Type: GitHub Repository Original link: https://github.com/bytedance/Dolphin Publication date: 2025-10-17
Summary #
WHAT - Dolphin is a multimodal document image parsing model that uses a two-stage approach to efficiently analyze and parse complex documents, such as PDFs.
WHY - It is relevant for AI business because it solves the problem of parsing complex documents, improving information extraction from unstructured documents. This can be crucial for automating business processes such as document management and data extraction from PDFs.
WHO - The main players are ByteDance, the company that developed Dolphin, and the developer community that contributes to the GitHub repository.
WHERE - Dolphin positions itself in the document analysis and OCR market, integrating with document layout analysis and parsing tools.
WHEN - Dolphin was released in 2025 and has already seen several versions and improvements, indicating rapid evolution and adoption.
BUSINESS IMPACT:
- Opportunities: Dolphin can be integrated into document management systems to improve the efficiency and accuracy of document parsing.
- Risks: Competition with similar solutions could reduce the competitive advantage if innovation is not maintained.
- Integration: Dolphin can be integrated with existing stacks that use Python and machine learning frameworks such as Hugging Face and TensorRT-LLM.
TECHNICAL SUMMARY:
- Core technology stack: Python, Hugging Face, TensorRT-LLM, vLLM.
- Scalability: Dolphin supports multi-page document parsing and offers support for accelerated inference via TensorRT-LLM and vLLM.
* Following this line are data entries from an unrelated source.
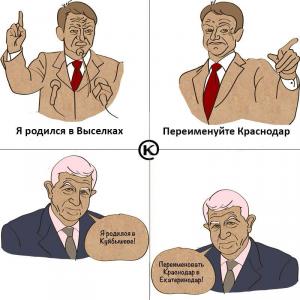 1.Является ли нынешнее название города Краснодар, как следует из смысла Вашего заявления для СМИ, "бесславным" и "негордым", так как Вы настаиваеге на его замене на имя "славное" и "гордое"?
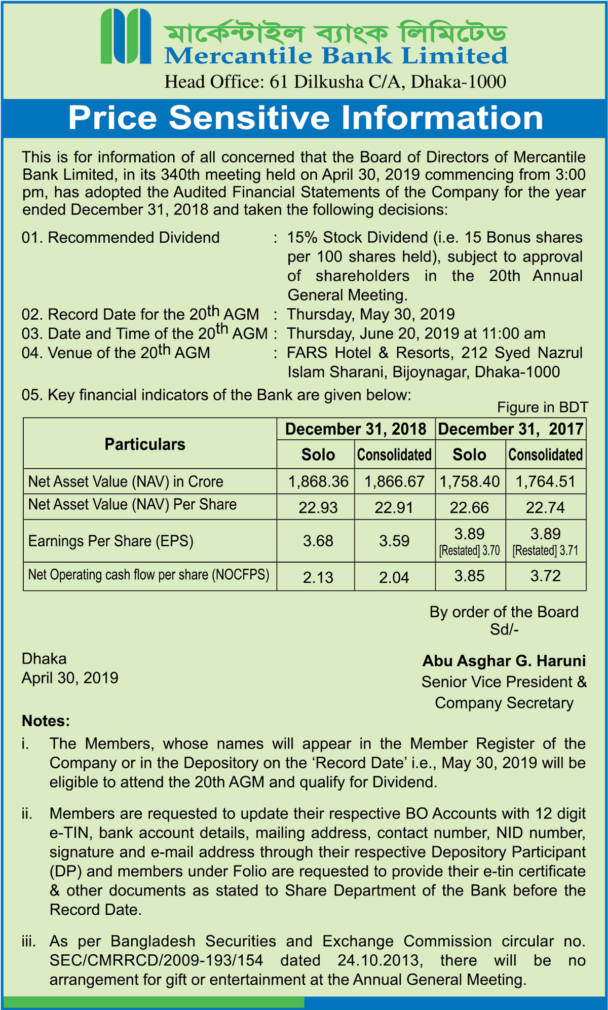 Declaration of Coupon Rate of Mercantile Bank Perpetual Bond
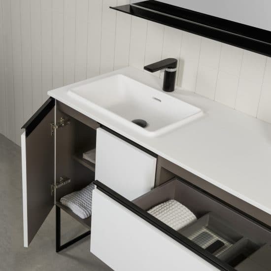 Cette série propose un style industriel alliant à la perfection utilité et esthétisme, pensé pour créer une ambiance personnalisée et fonctionnelle dans votre salle de bains.
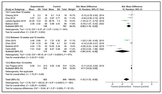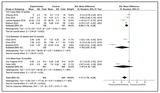 When performing the analysis by time duration, the programs with duration less than 12 weeks improve the sleep quality (SMD −0.66, 95% CI −1.10 to −0.22, p = 0.003) with a high heterogeneity (I2 = 64%). However, the programs carried out between 12 weeks and 12 months (SMD −1.76, 95% CI −3.67 to 0.15, p = 0.07) and more than 12 months (SMD −1.47, 95% CI −4.18 to 1.23, p = 0.29) did not improve sleep quality. The heterogeneity was high in both cases (I2 = 97, and I2 = 95%, respectively) (Figure 6). If we analysed by time duration, but including intermediate assessment points of high-duration programs, the programs between 12 weeks and 12 months improve the sleep quality (SMD −1.94, 95% CI −3.51 to −0.38, p = 0.02) with a high heterogeneity (I2 = 97%), and the programs of more than 12 months (SMD −0.11, 95% CI −0.23 to 0.02, p = 0.09) did not improve sleep quality (Figure 7).

- Technical differentiators: Lightweight architecture, parallel parsing, support for complex documents with interconnected elements such as formulas and tables. The model has 0.3B parameters.
Use Cases #
- Private AI Stack: Integration into proprietary pipelines
- Client Solutions: Implementation for client projects
- Development Acceleration: Reduction of project time-to-market
- Strategic Intelligence: Input for technological roadmap
- Competitive Analysis: Monitoring AI ecosystem
Resources #
Original Links #
Article recommended and selected by the Human Technology eXcellence team, processed through artificial intelligence (in this case with LLM HTX-EU-Mistral3.1Small) on 2025-10-18 10:14 Original source: https://github.com/bytedance/Dolphin
The HTX Take #
This topic is at the heart of what we build at HTX. The technology discussed here — whether it’s about AI agents, language models, or document processing — represents exactly the kind of capability that European businesses need, but deployed on their own terms.
The challenge isn’t whether this technology works. It does. The challenge is deploying it without sending your company data to US servers, without violating GDPR, and without creating vendor dependencies you can’t escape.
That’s why we built ORCA — a private enterprise chatbot that brings these capabilities to your infrastructure. Same power as ChatGPT, but your data never leaves your perimeter. No per-user pricing, no data leakage, no compliance headaches.
Want to see how ready your company is for AI? Take our free AI Readiness Assessment — 5 minutes, personalized report, actionable roadmap.
Related Articles #
- dots.ocr: Multilingual Document Layout Parsing in a Single Vision-Language Model - Foundation Model, LLM, Python
- PaddleOCR-VL: Boosting Multilingual Document Parsing via a 0.9B Ultra-Compact Vision-Language Model - Computer Vision, Foundation Model, LLM
- ibm-granite/granite-docling-258M · Hugging Face - AI
FAQ
Can open-source AI tools be used safely in enterprise?
Absolutely. Open-source models like LLaMA, Mistral, and DeepSeek are production-ready and used by major enterprises. The key is proper deployment: running them on your own infrastructure ensures data privacy and GDPR compliance. HTX's PRISMA stack is built to deploy open-source models for European businesses.
What's the advantage of open-source AI over proprietary solutions?
Open-source AI offers three key advantages: no vendor lock-in, full transparency into how the model works, and the ability to run entirely on your infrastructure. This means lower long-term costs, better privacy, and complete control over your AI stack.